Our stories | Mipela tokstori

Reclaiming our rainbow cultural identities

Something I’ve been struggling with over the years is where my sexuality and gender identity fits in a Papua New Guinea (PNG) cultural context. I’m a proud mangi PNG (PNG kid) but terms like geli-geli (girlie-girlie), askan (arse cunt) and gay carry such negative stigma in Papua New Guinea that I myself am anti their usage.

The Pacific is a vast and diverse region, and Papua New Guinea is one of the most culturally rich places in the world. Several of our fellow pacific island nations have such beautiful strong identities that are woven into the tapa of their culture like Fa’afafine of Samoa and Takataapui of Aotearoa New Zealand. Where are ours?

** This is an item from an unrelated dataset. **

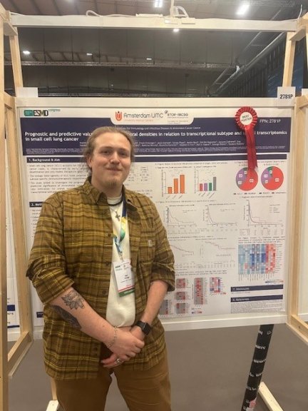 Stef Elings, PhD candidate in Pathology and member of the Amsterdam Institute for Immunology and Infectious Diseases (AI&I), was awarded the AI&I travel grant in 2025, which enabled him to attend the European Society for Medical Oncology (ESMO) 2025 conference in Berlin, Germany. At the conference, Stef’s poster was recognized with the Best Poster Award in the Small Cell Lung Cancer (SCLC) category.

Generally speaking, these western terms – Lesbian, Gay, Bisexual, Transgender etc. – carry heavy stigma in PNG, and without any connection to our cultural heritage leave us isolated and struggling with our identities. As pointed out in a recent article ‘Hobgoblin’ logic on Pacific gay rights has distinctly Western roots, colonisation has all but erased or demonised parts of our identity – particularly identities our PNG LGBTI community could be embracing today.

In recent years a Tok Pisin term Palopa was coined by gay and transgender Papua New Guineans of Port Moresby as detailed in Name, Shame and Blame: Criminalising Consensual Sex in Papua New Guinea. Likewise there is a documented third gender identity of the Sambian people kwolu-aatmwol (male thing-transforming-into-female thing) as described in The Continuum Complete International Encyclopedia of Sexuality. What other identities are out there? And like many western LGBTI communities that have reclaimed Queer and turned it into a positive, powerful, umbrella term, we need to do the same.

We need to reclaim our rainbow cultural identities of Papua New Guinea.

How do we go about this? Who can help?